Membrane proteins interact with a myriad of lipid species in the biological membrane, leading to a bewildering number of possible protein−lipid assemblies. Despite this inherent complexity, the identification of specific protein−lipid interactions and the crucial role of lipids in the folding, structure, and function of membrane proteins is emerging from an increasing number of reports. Fundamental questions remain, however, regarding the ability of specific lipid binding events to membrane proteins to alter remote binding sites for lipids of a different type, a property referred to as allostery [Monod J, Wyman J, Changeux JP (1965) J Mol Biol 12:88–118]. Here, we use native mass spectrometry to determine the allosteric nature of heterogeneous lipid binding events to membrane proteins. We monitored individual lipid binding events to the ammonia channel (AmtB) from Escherichia coli, enabling determination of their equilibrium binding constants. We found that different lipid pairs display a range of allosteric modulation. In particular, the binding of phosphatidylethanolamine and cardiolipin-like molecules to AmtB exhibited the largest degree of allosteric modulation, inspiring us to determine the cocrystal structure of AmtB in this lipid environment. The 2.45-Å resolution structure reveals a cardiolipin-like molecule bound to each subunit of the trimeric complex. Mutation of a single residue in AmtB abolishes the positive allosteric modulation observed for binding phosphatidylethanolamine and cardiolipin-like molecules. Our results demonstrate that specific lipid−protein interactions can act as allosteric modulators for the binding of different lipid types to integral membrane proteins.

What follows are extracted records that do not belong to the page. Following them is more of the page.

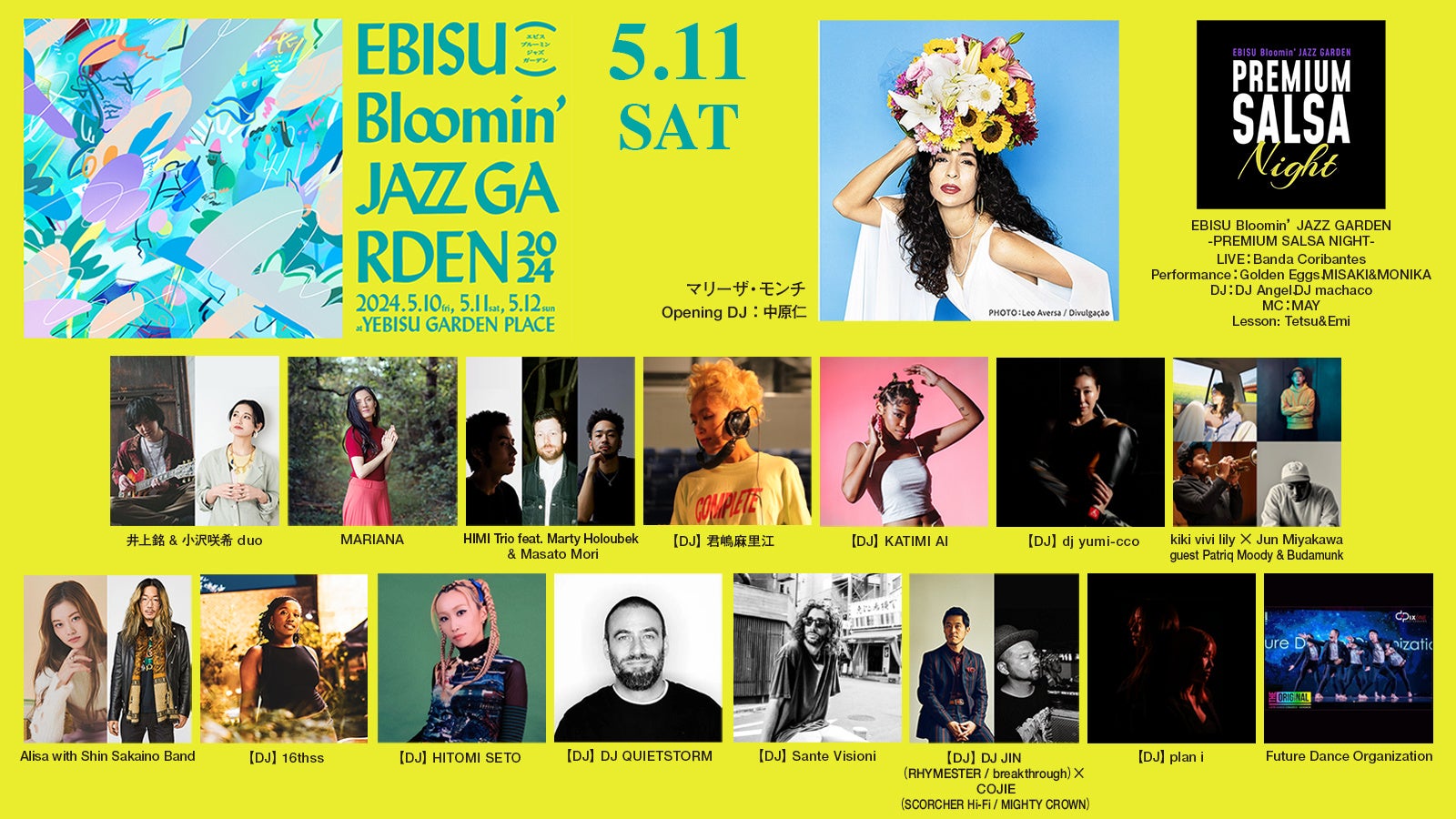 センター広場のDJは、ジャズ/ラテン/ブラジル/レアグルーヴを主体に選曲する君嶋麻里江、アフロ・ハウスを中心にゆるりとラウンジセットを披露する予定のKATIMI AI、ジャンルに偏らず縦横無尽な選曲が定評のdj yumi-cco。同広場で、現在の若手ジャズシーンの中心的存在のカリスマ・井上銘と、今夏はフランスのフェスにも出演予定と活躍が目覚ましい小沢咲希の2人が、同じレーベルからリリースしていながら意外にも初共演を果たします。また、日本国内では数えるほどしかライブを披露していない才色兼備の日系ブラジル人シンガー・MARIANAが登場。今月カンヌ国際映画祭でも実演予定の話題の生花アーティスト・萩原亮大との共演で、広場をどのようなBloomin’ JAZZ GARDENに仕立てるのか、ぜひ会場で体感してください。さらに、俳優としても人気のHIMIがMarty Holoubek(b)、Masato Mori(ds)とトリオで極上のチルサウンドを披露いたします。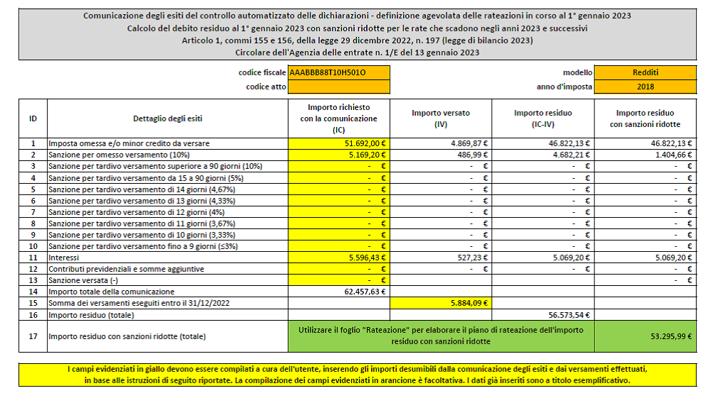 Per agevolare i contribuenti nella determinazione dell’importo residuo da versare, con sanzioni ridotte, l’Agenzia delle entrate ha predisposto un apposito foglio di calcolo – xlsx (versione 1.3).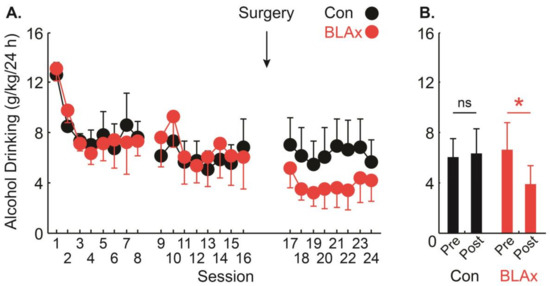 Alcohol drinking pre- and post-surgery. (A) Mean + SEM alcohol drinking (g/kg/24 h) for each voluntary access session is shown for control (Con—black) and mean − SEM for BLAx rats (red). Time of surgery is indicated by an arrow. (B) Mean + SEM alcohol drinking (g/kg/24 h) for the eight sessions prior to surgery (pre) and the eight sessions following surgery (post). Asterisks indicate the significance of the two-tailed, paired samples t-test (p < 0.05). NS indicates non-significance of the two-tailed, paired samples t-test (p > 0.1).

膜蛋白与生物膜中无数的脂质种类相互作用，导致数量惊人的可能的蛋白-脂质组装体。尽管存在这种固有的复杂性，但越来越多的报道显示，对特定的蛋白质-脂质相互作用的鉴定以及脂质在膜蛋白的折叠，结构和功能中的关键作用正在逐渐显现。然而，关于特定脂质与膜蛋白的结合事件改变不同类型脂质的远程结合位点的能力仍存在根本问题，该性质称为变构[Monod J，Wyman J，Changeux JP（1965）J Mol Biol12：88–118]。在这里，我们使用天然质谱测定异质脂质结合事件与膜蛋白的变构性质。我们监测了单个脂质与大肠杆菌氨通道（AmtB）的结合事件，可以确定它们的平衡结合常数。我们发现不同的脂质对显示一系列的变构调节。特别地，磷脂酰乙醇胺和心磷脂样分子与AmtB的结合表现出最大的变构调节度，这启发了我们确定这种脂质环境中AmtB的共晶体结构。2.45Å的拆分结构揭示了与三聚体复合物的每个亚基结合的类心磷脂分子。AmtB中单个残基的突变消除了结合磷脂酰乙醇胺和类心磷脂分子所观察到的正变构调节。我们的结果表明，特定的脂蛋白相互作用可以充当变构调节剂，以使不同的脂质类型与完整的膜蛋白结合。